MURRAY – After two failed attempts to relocate the group home for boys it currently operates on Back Street, StepStone Family and Youth Services is hoping “the third time’s the charm.” The company is now looking at a property on Rockwood Road in Elm Grove and has scheduled a public meeting on the proposed relocation Monday, Oct. 16.

After the purchase of a home on Dogwood Drive fell through earlier this summer, StepStone pursued a property located on Enix Drive, in the Southwest Villa subdivision. On July 28, the company held a public meeting regarding the planned relocation at its regional office in Benton, Kentucky. Approximately 70 subdivision residents made the 27-mile trek to voice their opposition to the move. 

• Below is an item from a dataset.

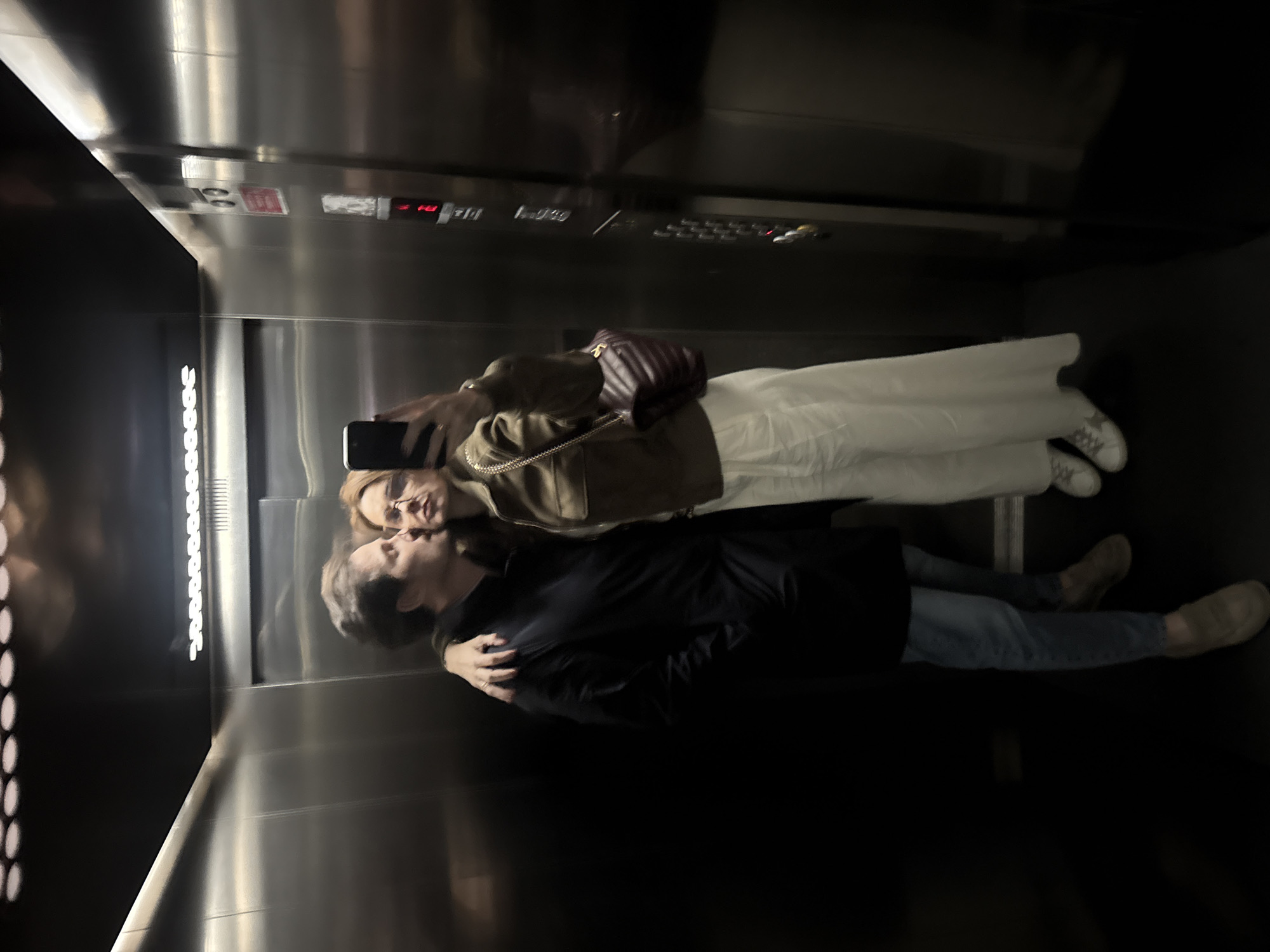 The image captures a selfie reflection inside a brushed metal elevator in Loures, Portugal, featuring two individuals

During that meeting, Calloway County Judge-Executive Kenny Imes called the company’s decision to hold the meeting in Benton on a Friday afternoon with only 10 days’ notice an insult, and he advised those in attendance that he made an offer, in writing, to let the company hold the meeting at the Calloway County Fiscal Court building; the company, however, rejected that offer. In contrast, Monday’s meeting will take place in the fiscal courtroom, at 201 South Fourth St., at 5:30 p.m.

StepStone is a for-profit company that specializes in providing qualified residential treatment services to children ages 10-17 who are in the state’s foster care system, also known as the Kentucky Foster Adoptive Caregiver Exchange Program, or FACES. The company, which is a subsidiary of BrightSpring Health Services, operates group homes for boys and girls across the commonwealth, including two in Murray – a home for boys currently located on Back Street and one for girls on Robertson Road. The Murray facilities only house up to eight children at a time.

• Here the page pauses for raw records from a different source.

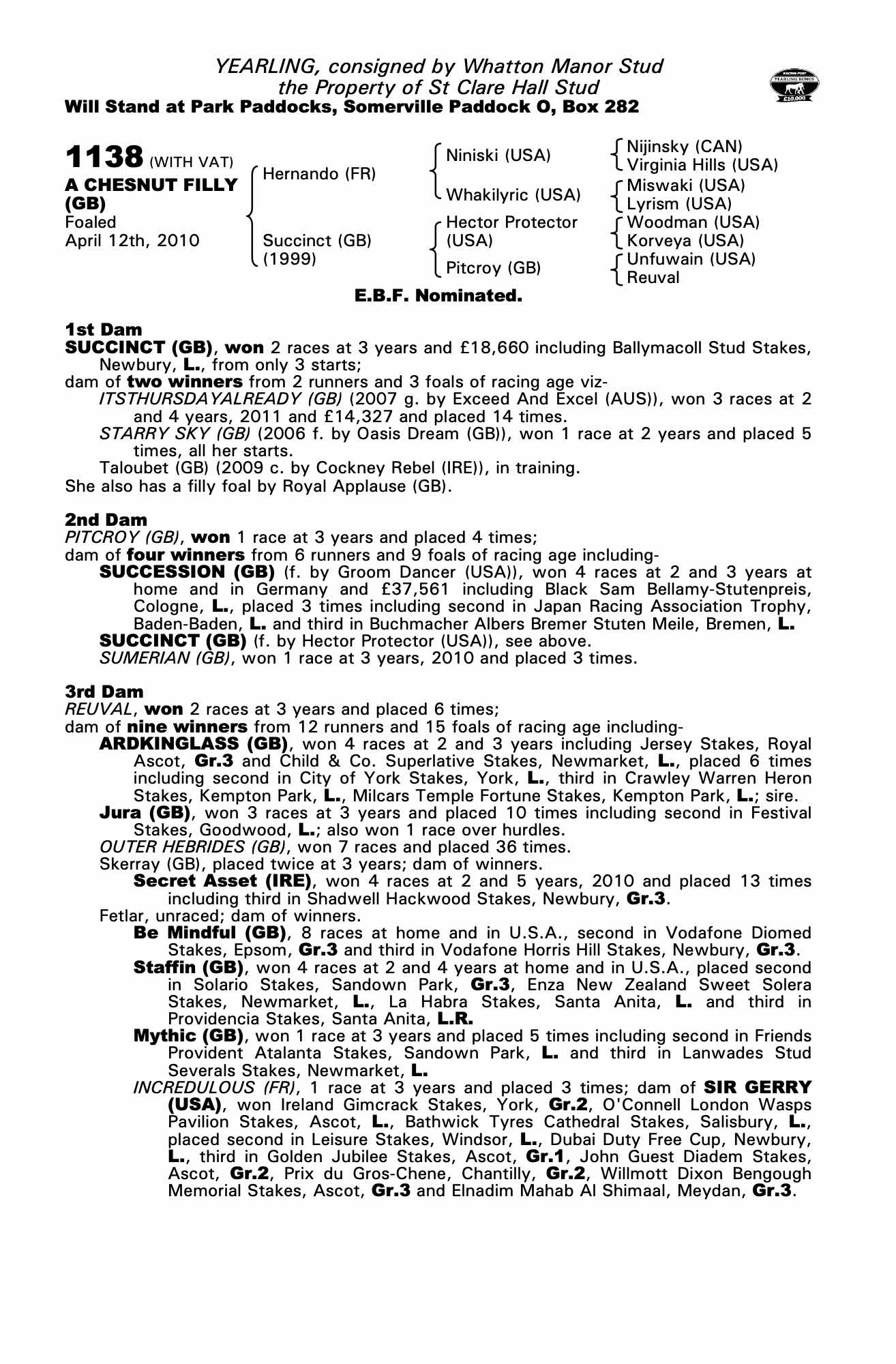 October Yearling Sale, Book 2 2015 lot 1347 F. by Nathaniel (IRE) 2014, Kirtlington Stud=>Vendor 15,000 gns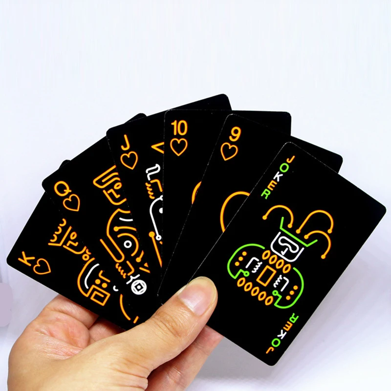 Черный светящийся флуоресцентный покер карты игральные карты светящиеся темные бар вечерние KTV ночь светящаяся коллекция специальный покер Примечание: Доставка осуществляется в случайном цвете, пожалуйста, обратите внимание на это, нет предложений по выбору цвета.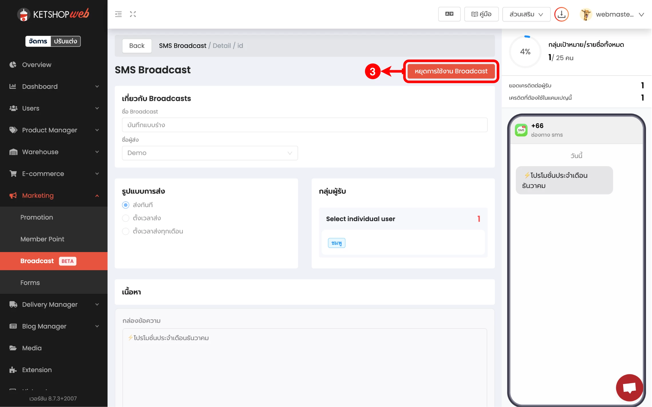 >>> การตั้งค่า การใช้งาน SMS Broadcast <<<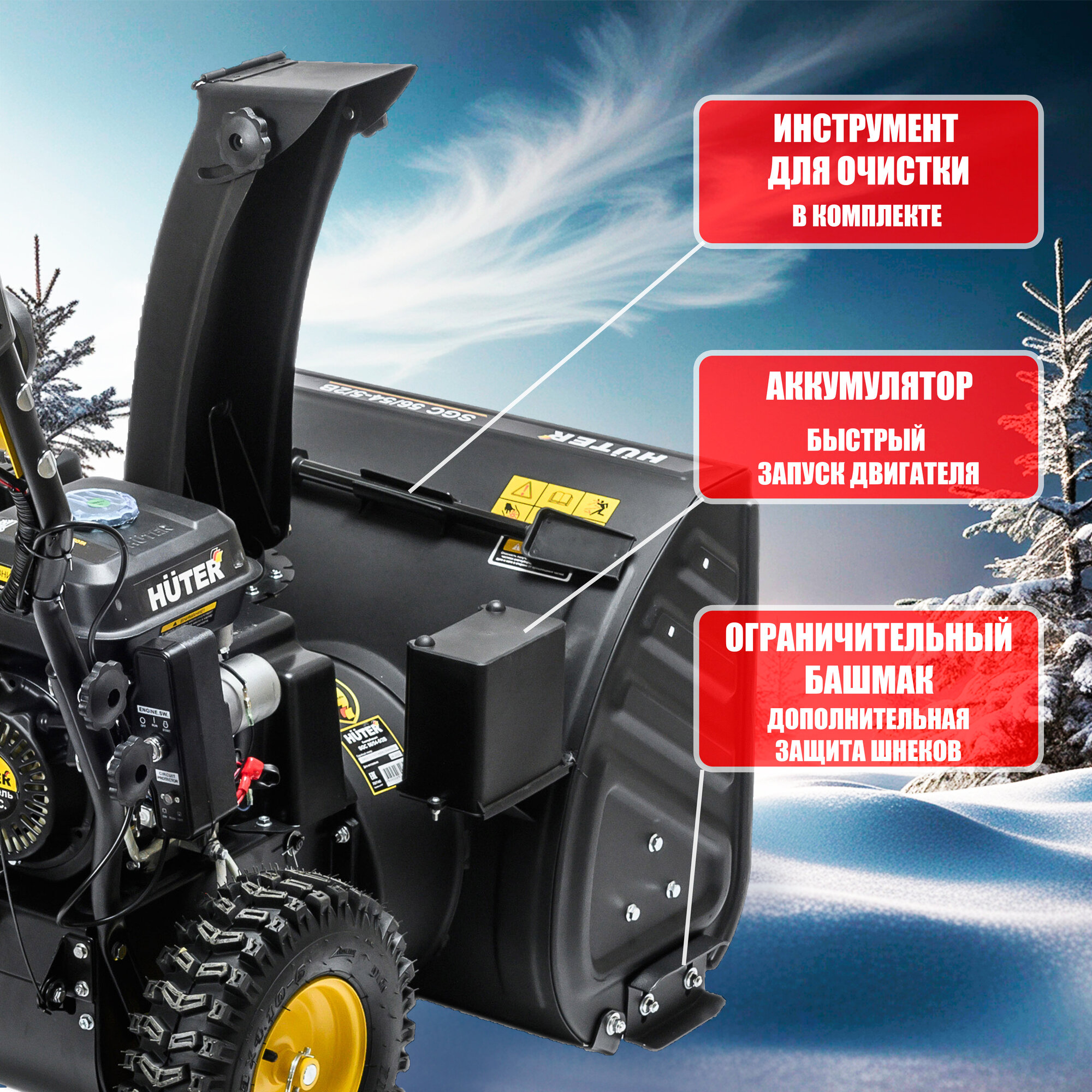 Снегоуборщик Huter SGC 56/54-5/2B интересное:

Within days of the July meeting, StepStone announced it was no longer considering relocating to the Enix Drive property. At that time, the Sentinel talked to BrightSpring Vice President of Service Excellence and Stakeholder Relations Chris Hempfling about the company’s attempt to relocate the boys’ home and got his takeaways from the July meeting. The following is a transcript of that interview, which has been edited for clarity and length.

TMS: Why did StepStone choose to not proceed with relocating the boys’ home to the Enix Drive property?

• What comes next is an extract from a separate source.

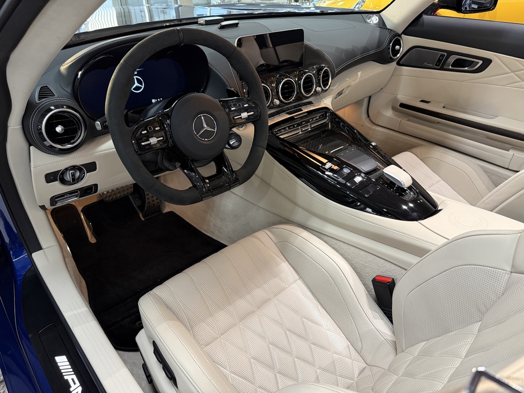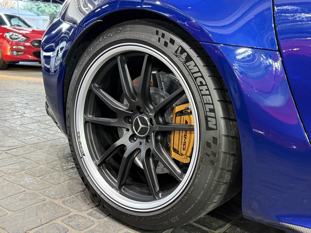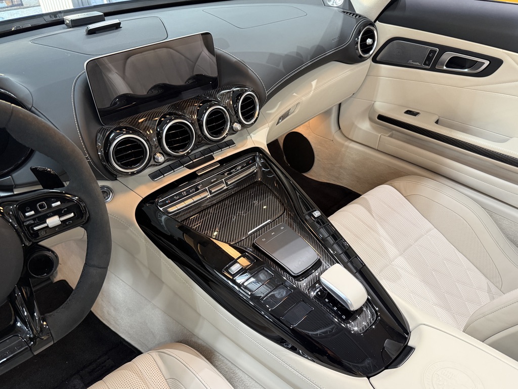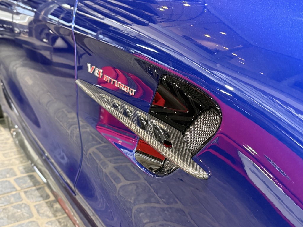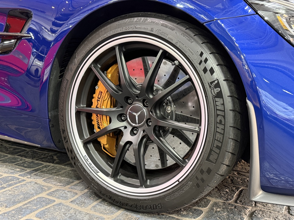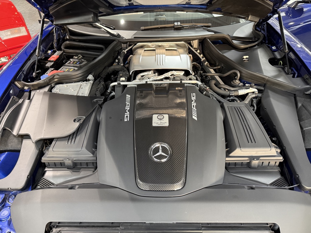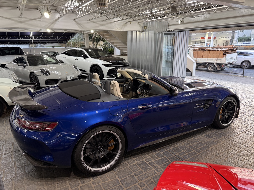 ︎「AMG」とはレース用エンジン設計会社として1967年に創業し、創業主のハンス・ヴェルナー・アウフレヒト、エンジニアのエアハルト・メルヒャー、そして創業主の故郷であるグローザスバッハの頭文字を順に合わせて社名としている。アウフレヒトとメルヒャーの2人は1960年代にダイムラーベンツの開発部門に籍を置き「300SE」に搭載されるレース用エンジン開発に携わっていた。しかしダイムラーベンツは全てのモータースポーツ活動の中止を決定、それでも諦めきれない2人は、仕事が終わってからもエンジン開発技術を磨き続ける日々を過ごしていた。それを知る同僚のマンフレッド・シークは、不要になった「300SE」を購入しこの2人に預けると、搭載されるエンジンに新しいカムシャフトと軽量バルブを組み込み、燃料供給装置に手直しを施して1965年の「ドイツ・ツーリングカー選手権」に参戦。マンフレッド・シークのドライブにより、1965年にエントリーした10回のレースで10回のポールポジションと、10回の優勝を成し遂げる圧倒的な勝利を収める。2人の評判は高まりをみせるが、アウフレヒトはこの結果に満足せずダイムラーベンツを退社すると、メルヒャーを説得して「AMG」を立ち上げた。1967年に製粉工場の跡地を使って創業した「AMG」は、少ない従業員ながら強いチームワークにより最大の成功を手にすることになる。この「AMG」の名前を世界に知らしめたのは、1971年の「スパ・フランコルシャン24時間レース」で、その赤く大きなボディから“レッド・ピッグ(紅の豚)”の異名をもつ「メルセデスベンツ300SEL6.8AMG」が、大方の予想を覆してクラス優勝を果たし総合2位に入った時となる。当時の「Sクラス」の最上位のモデルとして存在した「600」用の6.3ℓ・V型8気筒の「M100型」エンジンをベースに「AMG」が持てる技術を全て注ぎ込んで作製した6.8ℓエンジンを搭載し、多くのレースカーが脱落していく中で24時間を走り続けた。この時に現代も継承される「One Man,One Engin」という“エンジン1基の組み上げに対して1人のマイスターが全責任をもつ”という「AMG」の哲学が誕生する。現在でも「AMG」製エンジンは、ひとつのエンジンを1人のエンジニアが責任をもって組み上げ、その証として担当したエンジニアの署名が刻まれたプレートが付けられている。1635kgの車両重量をもつ巨大なレーシングモデルをレーシングスピードで走らせ続けるということは、激しいタイヤの摩耗や頻繁な給油というハンディを負うことにもなる。それに打ち勝って歴戦のフォード、BMW、アルファロメオ等と闘うのは並大抵の事では無い。この偉業とも呼べる戦果により「AMG」はその後の躍進の端緒を開く事になる。創業の地はブルグスタルだったが、僅か12人の従業員で1976年に現在のアファルターバッハに移転し、エンジンチューナーとしてビジネスを軌道に乗せる事に成功する。「AMG」のエンブレムには左側にリンゴの木と川が、右側にはカムとバルブが描かれている。「リンゴの木と川」は本社を構える地、アファルターバッハを表し「カムとバルブ」は、2人のエンジニアリングに対する熱い情熱を表すとされている。アファルターバッハの地名はドイツの古い言葉で「リンゴの木」を表す「アファルター」と、ネッカー川流域のシュツットガルト郊外に位置する事からドイツ語で「流れ」を意味する「バッハ」に由来する。周囲を囲む「月桂樹」は勝者の象徴となり、上部に「アファルターバッハ」下部に「AMG」がレイアウトされ「AMG」の「A」の左側に描かれた5本の斜線はタイヤ痕とされている。1980年代に入るとメルセデスベンツのバックアップを得てDTM(ドイツ・ツーリングカー選手権)での成功を経て、1999年にダイムラー・クライスラー(現メルセデスベンツ)がその株式の過半数を取得、2005年には完全に子会社化される。新たに設立された「メルセデスベンツAMG」は、それまでのモータースポーツ活動を通して培ってきた「AMG」のレーシングカーテクノロジーと、メルセデスベンツの最先端技術を結集して、これまで以上の強い関係と更なる結果を生み出すべく歩み始める。そこで産み出された「メルセデスベンツAMG」モデルとしては初の専用ボディをもつスーパースポーツ・モデル「メルセデスベンツSLS AMG」は、2009年9月のフランクフルトショーで発表される。車名とガルウィング式ドアが採用される事から、明らかに初代「メルセデスベンツ300SL」をリスペクトしたモデルでもある。搭載されるエンジンは「AMG」が独自開発したハイパフォーマンスエンジンとして定評のある自然吸気6.3ℓ・V型8気筒となり、このモデルをベースとした「SLS GT3」は、2011年のFIA GT3ヨーロッパ選手権を獲得している。また「メルセデスベンツAMG」として2010年からレースの最高峰となるF1にも54年ぶりに復帰を果たす。そして2014年にF1のパワーユニットが、1.6ℓ・V6ターボエンジンにハイブリッドシステムを加えた新レギュレーションに変更されると、こ

Initially, we thought it was a good fit, at least the property, for the children we serve. Ultimately, for us, in any consideration we’re making, the safety and best interest of those children has to be first and foremost along with making sure that those children are in a safe, loving and supportive community; and because of the comments and the pushback, we just didn’t feel that it was the right placement for our children.

TMS: What about the Enix Drive location – the home, the property – was a good fit?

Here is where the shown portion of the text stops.